When you reach the line with "10mm white freshwater", start repeating the lines exactly and keep going to the end of the records, but drop every picture.

#####

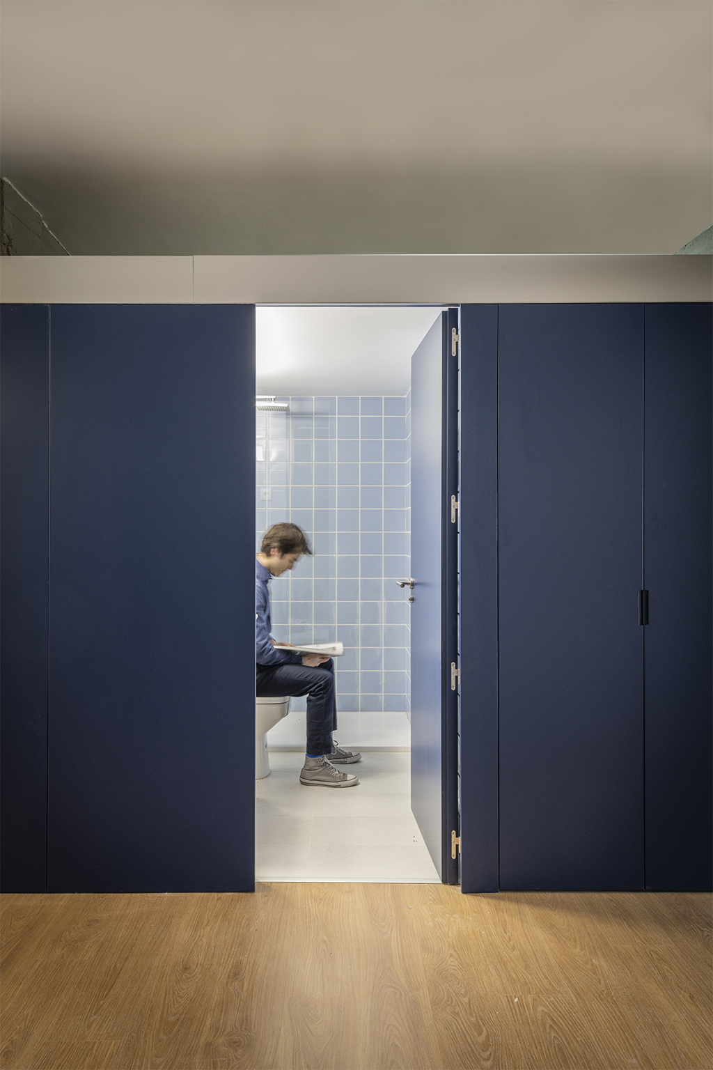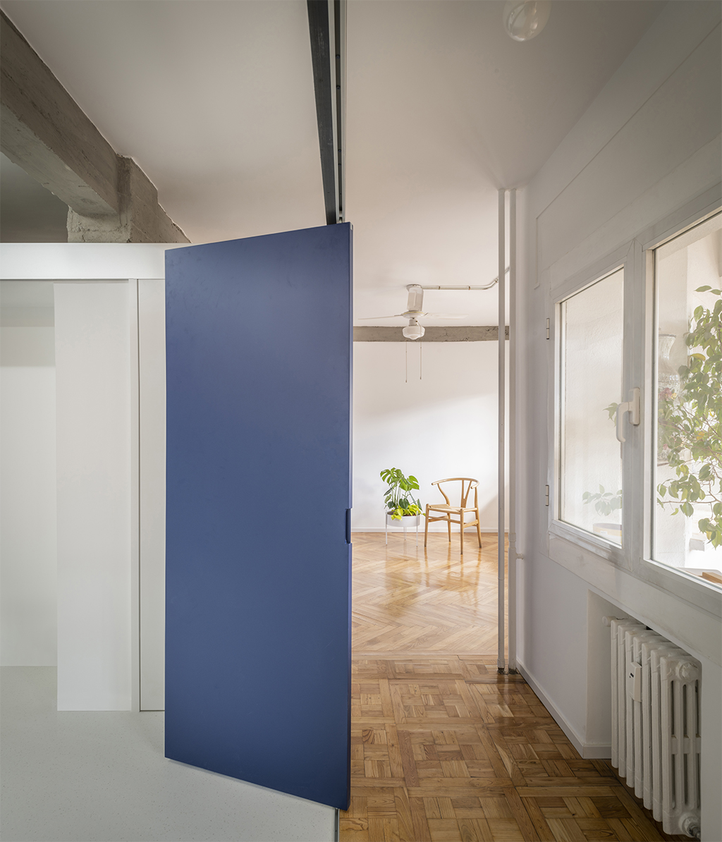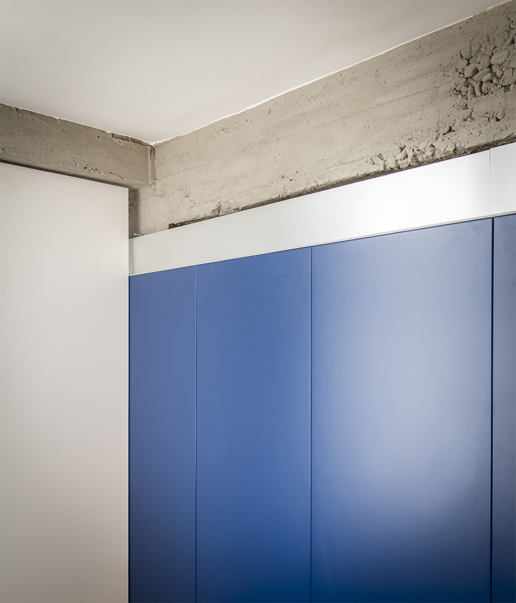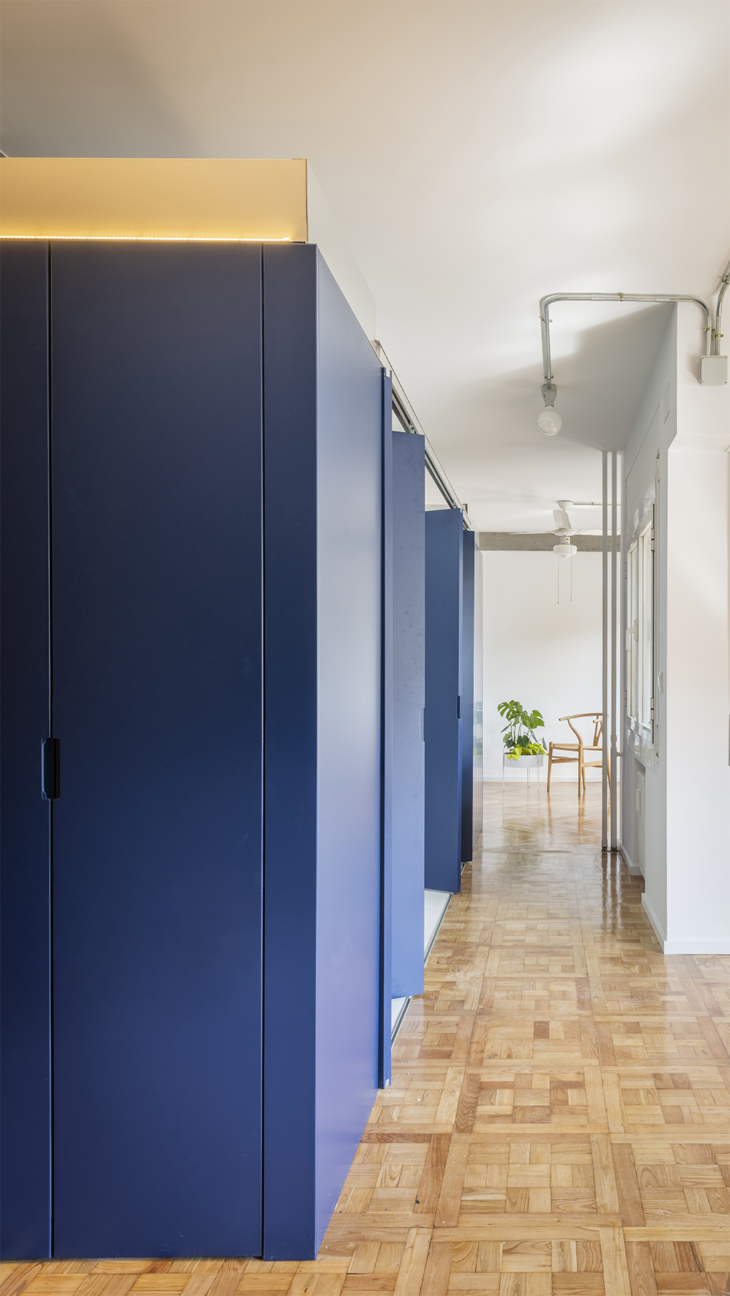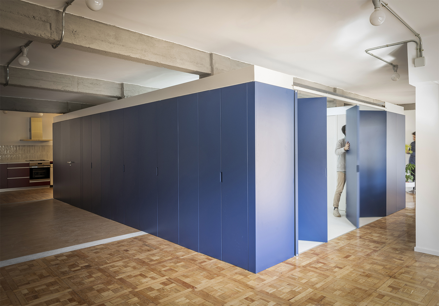 The intervention is clear: to equip the dwelling with a permeable and prism-like furniture piece measuring 7 by 5 meters and 2.30 meters high, designed to incorporate the pre-existing structural pillars. The beams pass intact over this piece, lacquered in RAL 5003, thus emphasizing the concept of a furnished unit and distinguishing itself from the pre-existing structure.
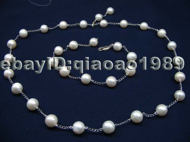 10mm white freshwater pearl necklace/bracelet S925
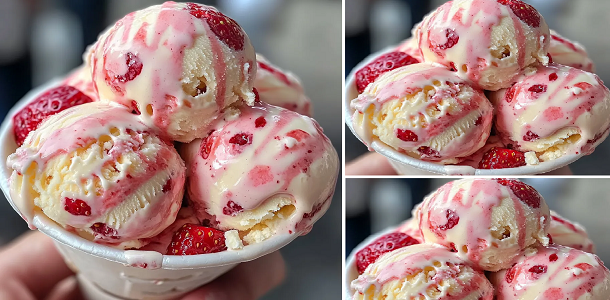 3. Helado de fresa con trozos de chocolate blanco: Añade pequeños trozos de chocolate blanco en los últimos minutos del batido en la máquina de helados.
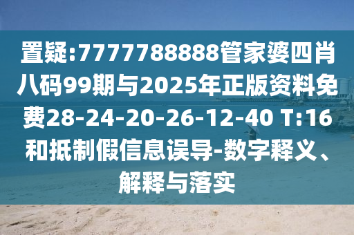 置疑:7777788888管家婆四肖八碼99期與2025年正版資料免費28-24-20-26-12-40 T:16和抵制假信息誤導-數字釋義、解釋與落實
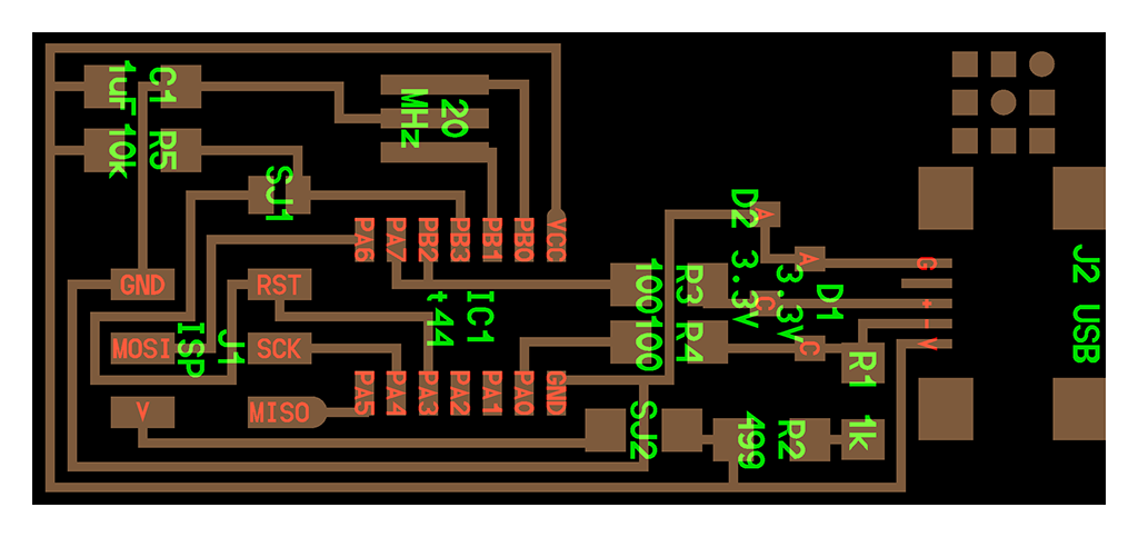 Assignment 4: Make an in-circuit programmer based on the AtTiny44 by milling the PCB.

#####

■ Response to this task:
 10mm white freshwater pearl necklace/bracelet S925
 3. Helado de fresa con trozos de chocolate blanco: Añade pequeños trozos de chocolate blanco en los últimos minutos del batido en la máquina de helados.
 置疑:7777788888管家婆四肖八碼99期與2025年正版資料免費28-24-20-26-12-40 T:16和抵制假信息誤導-數字釋義、解釋與落實
 Assignment 4: Make an in-circuit programmer based on the AtTiny44 by milling the PCB.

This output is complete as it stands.